Литмир - Электронная Библиотека

Паскаль вспомнил об ее отце, но она успокоила его:

– Не волнуйся, – сказала она. По ее лицу пробежала тень, и она крепко стиснула его ладонь. – Ему никогда не бывает дела до того, куда я ухожу и чем занимаюсь. В любом случае, мне уже восемнадцать. Это его не касается.

Вот так все и продолжалось – день за днем, ночь за ночью. Паскалю ни разу не пришло в голову, что она могла солгать, обмануть его. Это было немыслимо. Глядя на нее, прикасаясь к ней, он не сомневался ни в едином ее слове. В ее глазах отражались те же любовь и желание, которые светились в его. Заглядывая в них, он не видел ничего, кроме правды и отражения его любви. Это рождало в нем новое желание и бесконечное удовлетворение.

День за днем, ночь за ночью, неделя за неделей. Они утратили ощущение времени. Время теперь могло удлиняться или укорачиваться. День, проведенный вместе, казался одним мгновением, час, проведенный врозь, тянулся, как столетие. Когда Паскаль обнимал ее, ему казалось, что он держит в руках свое будущее. В его объятиях тогда находились обе их жизни. Иногда он видел, что она пытается заглянуть вперед и от этого ей делается страшно. Временами она целиком и полностью разделяла его блаженный оптимизм, то вдруг начинала сомневаться. Лето подходило к концу. Не позволит же ей отец поселиться в Бейруте навеки. Он уже планировал свое возвращение в Штаты.

– Он заставит меня вернуться в Англию, – сказала она.

Паскаль сжал ее руки в своих и твердо сказал, что об этом не может быть и речи.

– Нет, – решительно сказал он, – мы вместе вернемся во Францию. Мы можем там пожениться. Я хочу, чтобы ты познакомилась с моей матерью, с моими друзьями. Я хочу, чтобы ты увидела мою деревню. Она расположена на холмах, на юге, и сказочно красива. Там похоронен мой отец – на маленьком кладбище возле церкви. В ней мы и поженимся, а потом будем пить вино в кафе и танцевать на площади. Дорогая, я хочу, чтобы ты увидела мой дом, увидела Прованс…

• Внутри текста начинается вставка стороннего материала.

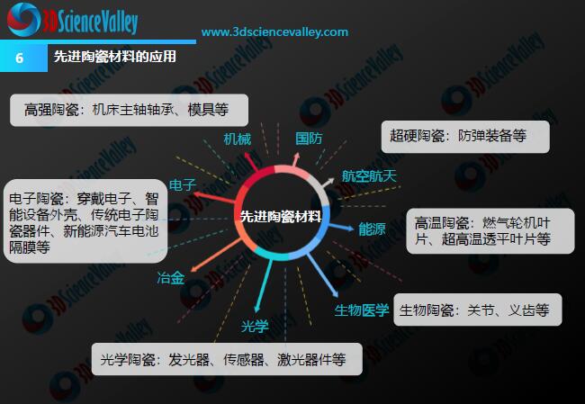 2017年-2021年, 是基于光固化的陶瓷3D打印在航空、醫(yī)療領(lǐng)域得到應(yīng)用發(fā)展的五年。同樣是在這五年中,粘結(jié)劑噴射3D打印技術(shù)在模具、鑄造型芯制造中的應(yīng)用得到加強,陶瓷3D打印企業(yè)發(fā)力于生產(chǎn)級的陶瓷3D打印系統(tǒng)與材料的研發(fā),同時更低成本與更高精度的3D打印技術(shù)進入市場。隨著陶瓷增材制造技術(shù)與材料技術(shù)的繼續(xù)發(fā)展,基于光固化、粘結(jié)劑噴射、材料擠出3D打印技術(shù)的應(yīng)用將得到不同程度的加強,應(yīng)用領(lǐng)域預(yù)計將擴展至汽車、牙科、能源、電子等更多領(lǐng)域。

Рассказывая об этих местах, рисуя себе эти события, Паскаль думал, что она представляет их себе так же ярко, как и он. У нее загорались глаза, светилось лицо. Но затем, через два часа, а может, через два дня он видел, что надежда покидает ее, а на лицо возвращается грусть.

Раз или два он задумывался, нет ли каких-либо препятствий или сомнений, о которых она не хочет говорить, но на все его расспросы она неизменно давала отрицательный ответ. Он не понимал, что может помешать им соединиться, для Паскаля их будущее было совершенно определенным и решенным. Может быть, задумывался Паскаль, она не верит в него и в его любовь к ней? Но сама мысль об этом казалась ему невыносимой. Проснувшись как-то раз, он увидел ее, стоящей у закрытого ставнями окна. Ее чудесное обнаженное тело светилось в лучах восходящего солнца, лицо было задумчиво-грустным, и у него упало сердце. Наверное, все дело в том, что он говорил не те слова. Они были слишком незначительны и туманны.

– Не грусти, дорогая, мы что-нибудь придумаем, – сказал он и потянул ее обратно в постель, а когда она лежала рядом, прижавшись к нему, он стал говорить. Он говорил ей снова и снова, как любит ее и как всегда будет любить.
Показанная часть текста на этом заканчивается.